1. A method for constructing a knowledgebase useful for providing analysis and predictions based on a collection of data, the method comprising:

obtaining a collection of data;

extracting features from said data, at least one of said features being extracted from full text included in said data;

applying disambiguation to said extracted features;

using said collection of data and extracted features to build a heterogeneous network of elements related to at least one designated theme; and

deriving indicators and models from said network of elements that identify network characteristics and trends characteristic of said collection of data,

wherein said collection of data, extracted features, heterogeneous network of elements, indicators, and models are configured as a knowledgebase that is suitable for providing analysis and predictions based on the collection of data.

2. The method of claim 1, wherein said collection of data includes a plurality of documents.

3. The method of claim 2, wherein the documents in the collection of data are obtained from at least one of a document repository and a document superset.

4. The method of claim 2, wherein said documents include patents and papers.

5. The method of claim 2, wherein the documents are represented in an extensible markup language (XML) format.

6. The method of claim 2, wherein the collection of data includes at least ten million documents.

7. The method of claim 1, wherein deriving said indicators includes at least one of citation analysis, natural language processing, entity disambiguation, organization classification, and time series analysis.

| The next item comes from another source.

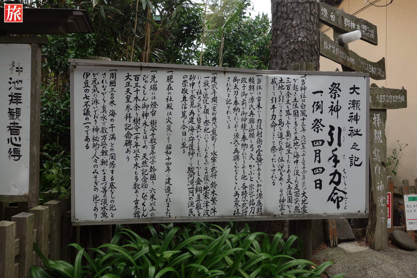 大瀬神池に着きました。大瀬神社本殿から2〜3分です。大瀬神池の説明。

8. The method of claim 1, wherein deriving said indicators includes application of a combination of citation analyses, natural language processing, entity disambiguation, organization classification, and time series analyses to said network of elements.

9. The method of claim 1, wherein deriving said indicators includes using a framework to generate and validate the indicators.

10. The method of claim 1, wherein at least some of the models are derived using an automated process.

11. The method of claim 1, wherein at least some of the models are derived using at least one metric for evaluating a utility at least one of the indicators.

12. The method of claim 1, wherein the at least one designated theme includes technical emergence.

13. The method of claim 1, wherein said features include at least one of:

topics;

funding;

organizations in text;

relationships between citations;

relationships between technical terms;

document sections; and

document genre.

14. The method of claim 1, further comprising:

accepting a nomination query from a user;

extracting features from said knowledgebase based on said query;

using said indicators and models to apply a scoring process to said extracted features to predict a future prominence of at least one entity related to said query; and

providing said prediction to said user.

15. The method of claim 14, wherein said extracted features include properties of elements in the heterogeneous network relating to at least one of:

terminology;

patent impact;

paper impact;

persons; and

organizations.

16. The method of claim 14, further comprising providing an explanation of said prediction to said user.

17. The method of claim 14, further comprising, after applying said scoring process, delivering feedback to the knowledgebase and using said feedback to improve future predictions of prominence of entities.

18. The method of claim 1, wherein identify network characteristics and trends includes:

deriving indicators from at least one of metadata and full text included in the collection of data; and

using Bayesian models to combine the indicators.

19. The method of claim 1, wherein the indicators are derived by applying computations that include at least one of a time series and a single value.